WO2022258458A1 - Device for cooling a running thread - Google Patents

Abstract

The invention relates to a device for cooling a running thread, having an elongate cooling body. The cooling body has a cooling groove and interacts with a dosing device for supplying a cooling liquid. The dosing device is connected to the cooling groove via a fluid connection at the cooling body. In order to allow a constant supply of cooling liquid, which is independent from the thread guide, the fluid connection is according to the invention arranged at a groove wall of the cooling body above a groove base and transversely to the cooling groove.

Description

Device for cooling a running thread

The invention relates to a device for cooling a running thread according to the preamble of claim 1.

A generic device for cooling a running thread is known from WO 2018/065123 A1.

In textile processes for processing synthetic threads, it is generally customary to heat the synthetic threads to a treatment temperature that is above the glass transition temperature in order to be able to produce special effects in the multifilament threads.
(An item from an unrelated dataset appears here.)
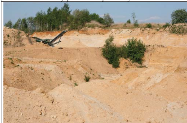
Foto č. 3: Situace na dně pískovny, v pozadí s technologickým zařízením
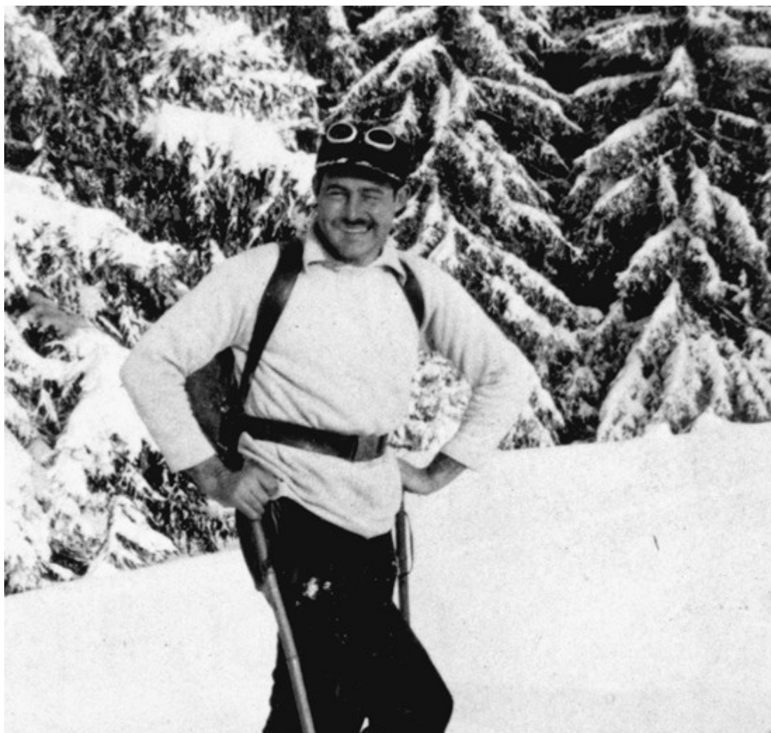
Эрнест Хемингуэй катался на лыжах в Гштаде в белом свитере

аристократы, бонвиваны, промышленники, звезды кино, в общем, представители высших слоев общества устремились на альпийские курорты. За ними последовала и мода.

For example, the threads produced in a melt spinning process, which have a very smooth structure, are crimped in a further processing step. Such crimps are produced by twisting the multifilament threads and thermal treatment with heating and cooling.

To cool the thread, it is customary to guide the thread over a cooled, metallic surface in the form of an elongated cooling rail. For intensification, the thread can also be wetted with a cooling liquid. Such a device for cooling a running thread is disclosed in WO 2018/065123 A1.
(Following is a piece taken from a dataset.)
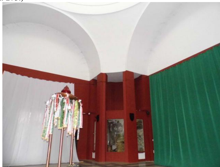
5. kép: A Hősök mauzóleumának belső tere. Fotó: Bodó Péter, 2022
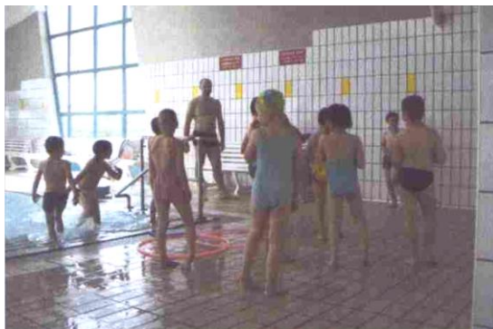
Slika 1. Upoznavanje djece sa bazenom

Kada djeca dođu na bazen potrebno je uspostaviti kontakt s njima, te im približiti vodeni medij kroz igru ili priču. Prije početka privikavanja na vodu potrebno je svaki zadatak dobro objasniti izvan vode kako bi taj isti zadatak kasnije u vodi bio brže i preciznije realiziran. Nakon objašnjenja zadatka slijedi demonstracija pa provođenje zadatka. (Slika 1)

In the known device, the thread is guided by an elongated cooling groove. A fluid connection is formed on the inlet side of the cooling groove, which opens directly into the bottom of the cooling groove with a dosing bore. In this way, a continuous quantity of fluid can advantageously be fed directly to the thread guided in the cooling groove. The amount of fluid metered onto the thread is essentially dependent on the opening cross section of the metering bore in the bottom of the cooling groove. The thread speed must also be taken into account, especially with small dosing quantities, in order to avoid the dosing bore being sucked empty by capillary effects.

It is therefore the object of the invention to further develop a generic device for cooling a running thread in such a way that uniform wetting of the thread with a constant dosage of a cooling liquid is possible. This object of the invention is achieved according to the invention in that the fluid connection is arranged on a groove wall of the heat sink above a groove base and transversely to the cooling groove.

Advantageous developments of the invention are defined by the features and feature combinations of the dependent claims.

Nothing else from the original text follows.